El bochorno, y la fertilidad de las horas agrietadas de rutina, me llevaron a encender el ordenador, meterme en un chat y enzarzarme en conversaciones banales, donde la tropelía de los hablantes imperaba. Últimamente, se había convertido en un artificio para estafar al tiempo, y mutilar la pereza. Siempre saludaba a mis interfectos con un “toc, toc?”. Ese era mi disparo.
- Sonia, corre que empieza la final!- gritó mi hermano.
Interrumpí mi andada virtual. Ya proseguiría después, pensé. Nunca fui una gran amante del deporte, pero siempre admiré al séquito, y su filosofía de perseverancia y el tratamiento estoico al que sometían su cuerpo. En más de una ocasión he intentado someterme a tal doctrina, pero siempre con final póstumo. Ahora yo estaba allí, en compañía de mi hermano, admirando la templanza de los más rápidos del mundo, de los vertiginosos caminantes del aire. Menos de 10 segundos bastaron para disipar las dudas de la medalla de oro: Gatlin, contra todo pronóstico, fue el vencedor. Cuando volví, aún estaba”Lía”, una chica con ingenio, que utilizaba las palabras con dinamismo, y que además las arropaba con un gabán azul. La conversación finalizó con el intercambio de nuestros respectivos correos electrónicos. Dos días más tarde, recibí un correo de “Lía”, con una frase lacónica: “Sólo quería decirte que te he extrañado. Un besote”. Me sorprendió gratamente recibir noticias de aquella desconocida, pues pensé, que a pesar de haberle dado el correo, se reduciría a un agradable puzzle de palabras de una tarde estival. Mis andanzas fueron rápidamente enviadas a esa desconocida, que le había despertado cierta curiosidad. Y así se fueron sucediendo los días, con mensajes de hadas, de dragones sin fuego, y estrellas de nieve. Y entonces, cuando el destino nos lo permitía, cuando coincidíamos en nuestro mundo, el tiempo se detenía, reduciéndose todo a dos: “Lía” y yo. Éramos nosotras. Nuestras palabras. Sonrisas calladas. Manos ciegas, y emociones purpúreas. Y todo, todo se repetía cada vez que nos tropezábamos en la red. Y siempre dibujaba sonrisas cada vez que la bandeja de entrada me ofrecía confidencias de la eterna desconocida, y también castillos de cartón y cuentos de pastillas lunares.

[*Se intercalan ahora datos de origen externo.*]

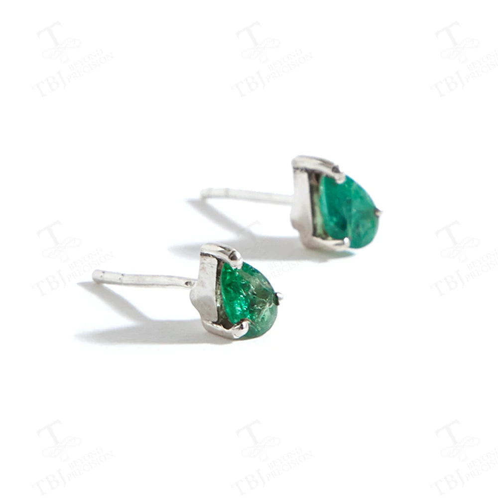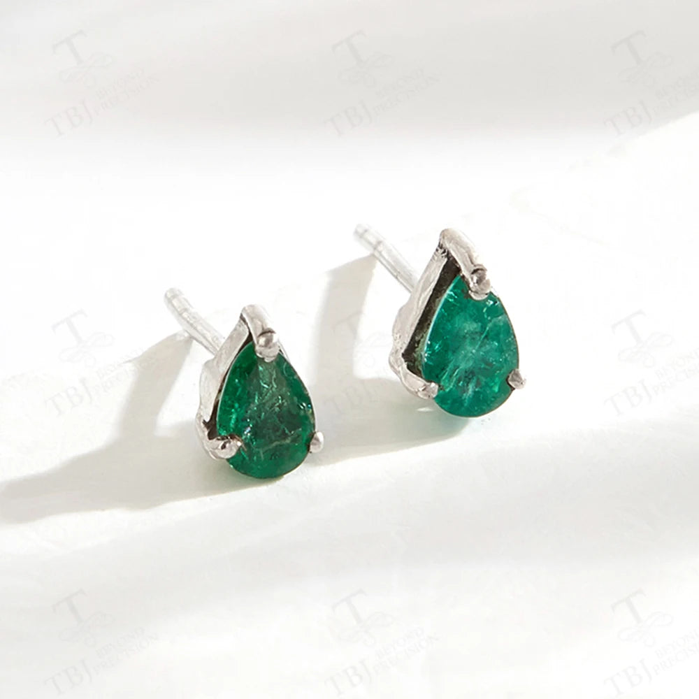 To keep their shine, wipe gently with a soft cloth after wear and store in a dry jewelry box. Avoid contact with harsh chemicals to preserve the silver's brightness and the emerald's natural beauty.

Sabía que tenía pareja, que llevaba 6 años con ella, pero un día me lancé a la aventura porque yo quería vivir, porque toda mi vida era una autopista a la felicidad artificial. Todos mis pasos estaban confeccionados, pero quise garabatear en los mundos de la pasión y sentir las esquinas del dolor. De pequeño se sueña en ser médico, en conquistar la luna, o ser estrella de rock. Yo, por un momento, quise ser protagonista de una novela donde los corazones se estafan, y visitar paraísos perdidos, por eso después de haber descargado múltiples balazos a citas sin sangre, después de muchos intentos quebrados, decidí morder al destino.
Cogí el tren desde mi pueblo a las diez y cuarto. Una hora más tarde estaría en la ciudad condal. “El bosc de les fades” era el lugar escogido para el encuentro.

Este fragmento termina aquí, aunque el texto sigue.